Scatterplot of the 2 Indicators

In [None]:
%matplotlib inline
import matplotlib.pyplot as plt

fig, axis = plt.subplots()
# Grid lines, Xticks, Xlabel, Ylabel

axis.yaxis.grid(True)
axis.set_title('Health expenditure per capita vs. Hospital beds (per 1,000 people)',fontsize=10)
axis.set_xlabel(health_exp_df['IndicatorName'].iloc[0],fontsize=10)
axis.set_ylabel(hosp_bed_df['IndicatorName'].iloc[0],fontsize=10)

X = health_exp_df['Value']
Y = hosp_bed_df['Value']

axis.scatter(X, Y)
plt.show()

Surprisingly there seems to be no correlation between the two indicators.
Let's calculate the correlation matrix

In [None]:
np.corrcoef(health_exp_df['Value'],hosp_bed_df['Value'])

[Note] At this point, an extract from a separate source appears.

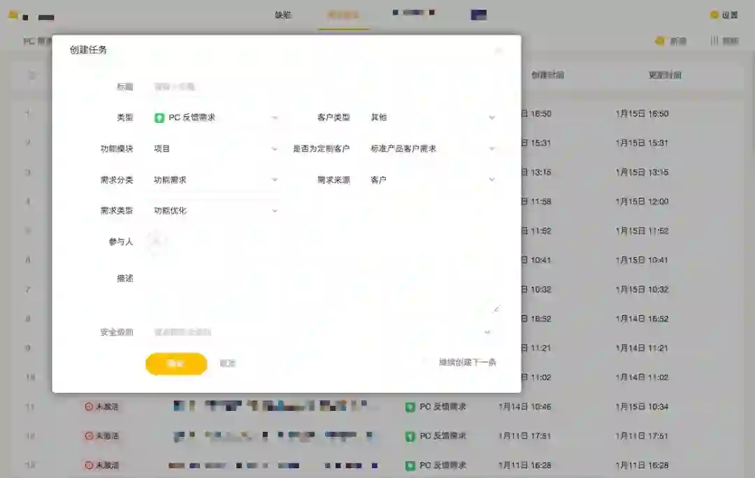 对于2B的产品需求,信息无非是角色、场景、原因、目的、预期这几点。但由于不同企业的角色、场景等信息复杂多样,所以无法形成统一的标准化数据来源,因此,我们规定以任务标题来描述需求最终的预期,其他必要信息通过任务描述来进一步补充;

A correlation of 0.14 is very weak

## Acknowledgements
For the analysis only the dataset World Development Indicators has been used. 
It has been necessary to perform some data cleaning. Unfortunately there was no data for Italy (at least for the Health expenditure indicator), so they have been removed form the dataset.
Where possible data has been filled keeping the indicator constant from the previous year.